29. The method of claim 1, wherein said additives are selected to
result in the emulsion being ashless
30. A high stability, low emission, invert fuel emulsion
composition resulting from the method comprising: blending a flow
of additives including a surfactant package and a flow of
hydrocarbon petroleum distillate fuel to form a first composition
in a first in-line blending station, said hydrocarbon petroleum
distillate fuel is a continuous phase of the emulsion, and wherein
said surfactant package comprises a primary surfactant, a block
copolymer, and a polymeric dispersant; blending a flow of purified
water to said first composition in a second in-line blending
station to form a second composition; aging said second composition
to form an aged composition; and passing said aged composition
through a shear pump.
31. The emulsion composition of claim 30, wherein said aging is
temperature dependent.
32. The emulsion composition of claim 30, wherein the emulsion is
about 5 wt. % to about 50 wt. % purified water and about 50 wt. %
to about 95 wt. % hydrocarbon petroleum distillate fuel.
33. The emulsion composition of claim 30, wherein said primary
surfactant is about 3,000 parts per million to about 10,000 parts
per million.
34. The emulsion composition of claim 30, wherein said primary
surfactant is selected from a group consisting of nonionic
surfactants, anionic surfactants, and amphoteric surfactants.
35. The emulsion composition of claim 30, wherein said primary
surfactant is selected from a group consisting of unsubstituted,
mono-substituted amides of saturated C.sub.12-C.sub.22 fatty acids,
unsubstituted, di-substituted amides of saturated C.sub.12-C.sub.22
fatty acids, unsubstituted, mono-substituted amides of unsaturated
C.sub.12-C.sub.22 fatty acids, and unsubstituted, di-substituted
amides of unsaturated C.sub.12-C.sub.22 fatty acids.
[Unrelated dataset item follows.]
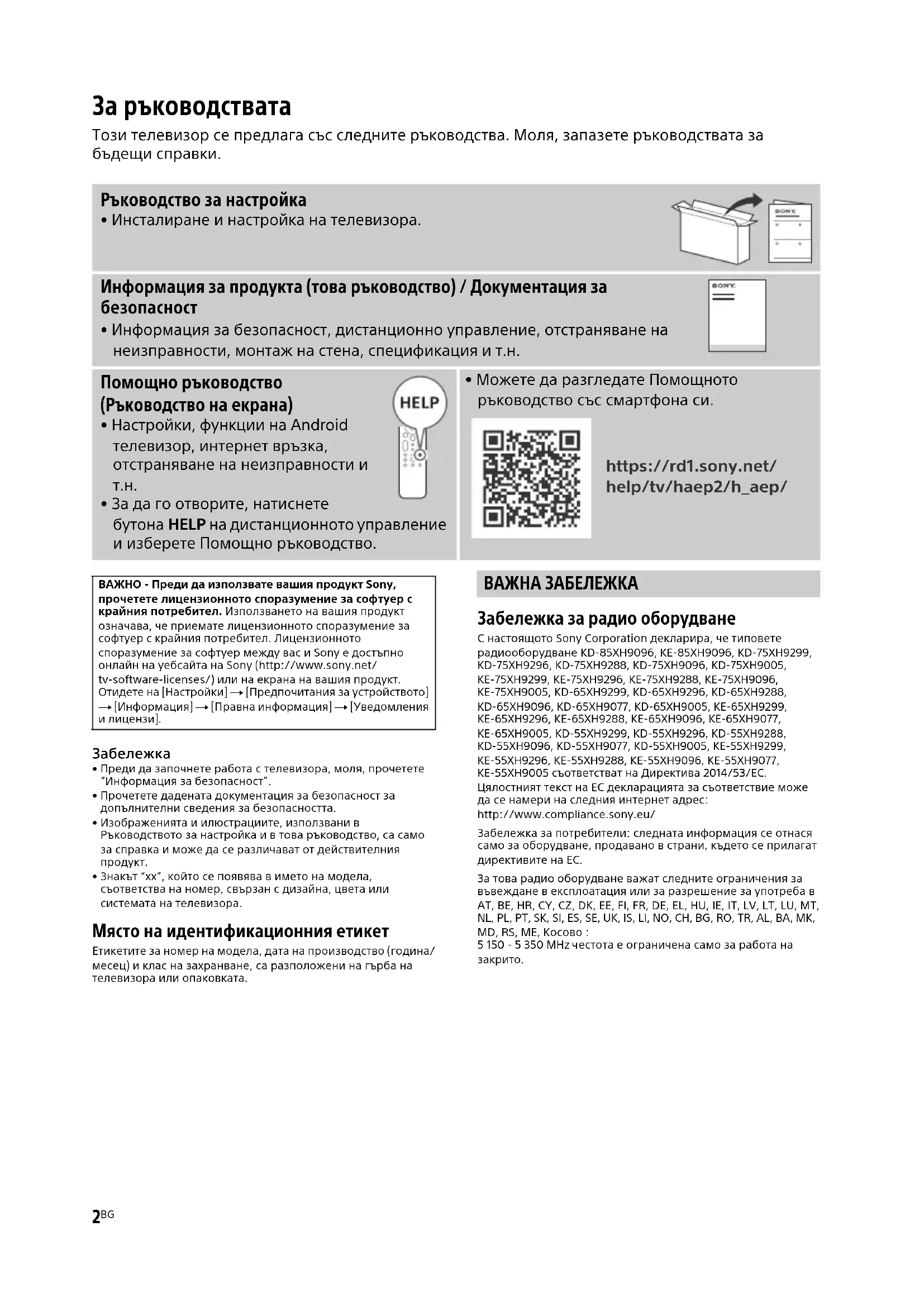 - Преди да започнете работа с телевизора, моля, прочетете “Информация за безопасност”.• Прочетете дадената документация за безопасност за допълнителни сведения за безопасността.• Изображенията и илюстрациите, използвани в Ръководството за настройка и в това ръководство, са само за справка и може да се различават от действителния продукт.• Знакът “xx”, който се появява в името на модела, съответства на номер, свързан с дизайнa, цвета или системата на телевизора. Място на идентификационния етикет Етикетите за номер на модела, дата на производство (година/месец) и клас на захранване, са разположени на гърба на телевизора или опаковката. ВАЖНА ЗАБЕЛЕЖКА Забележка за радио оборудване С настоящото Sony Corporation декларира, че типовете радиооборудване KD-85XH9096, KE-85XH9096, KD-75XH9299, KD-75XH9296, KD-75XH9288, KD-75XH9096, KD-75XH9005, KE-75XH9299, KE-75XH9296, KE-75XH9288, KE-75XH9096, KE-75XH9005, KD-65XH9299, KD-65XH9296, KD-65XH9288, KD-65XH9096, KD-65XH9077, KD-65XH9005, KE-65XH9299, KE-65XH9296, KE-65XH9288, KE-65XH9096, KE-65XH9077, KE-65XH9005, KD-55XH9299, KD-55XH9296, KD-55XH9288, KD-55XH9096, KD-55XH9077, KD-55XH9005, KE-55XH9299, KE-55XH9296, KE-55XH9288, KE-55XH9096, KE-55XH9077, KE-55XH9005 съответстват на Директива 2014/53/ЕС. Цялостният текст на ЕС декларацията за съответствие може да се намери на следния интернет адрес: http://www.compliance.sony.eu/Забележка за потребители: следната информация се отнася само за оборудване, продавано в страни, където се прилагат директивите на ЕС.За това радио оборудване важат следните ограничения за въвеждане в експлоатация или за разрешение за употреба в AT, BE, HR, CY, CZ, DK, EE, FI, FR, DE, EL, HU, IE, IT, LV, LT, LU, MT, NL, PL, PT, SK, SI, ES, SE, UK, IS, LI, NO, CH, BG, RO, TR, AL, BA, MK, MD, RS, ME, Косово : 5 150 - 5 350 MHz честота е ограничена само за работа на За ръководствата Този телевизор се предлага със следните ръководства. Моля, запазете ръководствата за бъдещи справки. Ръководство за настройка

36. The emulsion composition of claim 30, wherein said
mono-substituted amides and di-substituted amides are substituted
by substituents selected, independently of each other, from a group
consisting of straight and branched, unsubstituted alkyls having 1
to 4 carbon atoms, straight and branched, substituted alkyls having
1 to 4 carbon atoms, straight and branched, unsubstituted alkanols
having 1 to 4 carbon atoms, straight and branched, substituted
alkanols having 1 to 4 carbon atoms, and aryls.
37. The emulsion composition of claim 30, wherein said primary
surfactant is a 1:1 fatty acid diethanolamide of oleic acid.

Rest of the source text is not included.